Устремились во вторую комнату, но — к всеобщему изумлению — вместо Лузи Машбера с группой его приверженцев в комнате сидели Коробка и Середа, с которыми мы, в другом месте и при других обстоятельствах, уже имели случай познакомиться. Эти двое полоумных обитателей «Проклятья» сидели друг против друга на стульях. Коробка был обмотан тряпьем, под тяжестью которого он едва мог двигаться, точно черепаха; его пальцы — грязные, никогда не мытые — были унизаны оловянными колечками. Середа, сидевший по другую сторону стола, с огромным стеклянным глазом, на который страшно было смотреть, и вторым, здоровым, неизменно улыбался. Оба были заняты тем, что грязными руками, без ложек, поминутно лазили в горшок с цимесом или с вареньем, который кто-то выставил для них, а потом с наслаждением облизывали пальцы.

Как они сюда попали? Кто их усадил за стол с угощением?
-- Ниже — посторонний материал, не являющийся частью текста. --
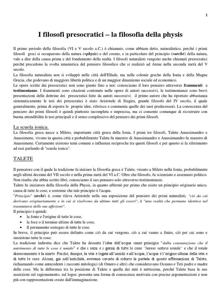 Il pensatore con il quale la tradizione fa iniziare la filosofia greca è Talete, vissuto a Mileto nella Ionia, probabilmente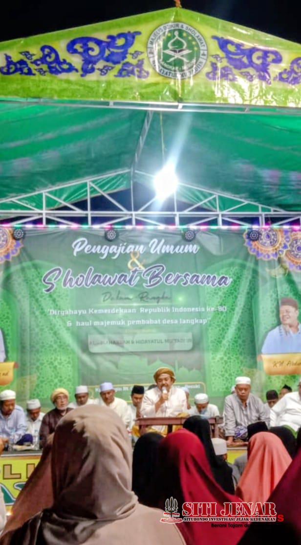 lsmsitijenar.or.id/ Besuki -Situbondo: Malam Kamis (13/8) di Desa Langkap, Kecamatan Besuki, Kabupaten Situbondo, menjadi saksi berkumpulnya ribuan jama’ah dalam pengajian akbar dan doa bersama. Kegiatan yang berlangsung di halaman desa ini digelar sebagai penghormatan kepada para pembabat Desa Langkap, sekaligus memeriahkan peringatan Dirgahayu ke-80 Republik Indonesia.

Наверное, не кто иной, как Сроли Гол, в котором — как серьезен он ни был в это утро, собираясь вместе с Лузи покинуть город, — все же не мог угомониться насмешник, всегда готовый устроить какую-нибудь каверзу и оставить кого-нибудь в дураках. Узнав из достоверных источников, что именно в этот день готовилось нападение на Лузи, Сроли решил подстроить так, чтобы люди, которые ворвутся в дом, намереваясь разделаться с Лузи, наткнулись на эту пару — на Коробку и Середу — и остались с носом. Даже покидая город ненадолго, Сроли, едва выходил за заставу, оборачивался лицом к городу и показывал ему кукиш. Тем больше оснований было у Сроли поступить так сейчас, когда он уходил надолго.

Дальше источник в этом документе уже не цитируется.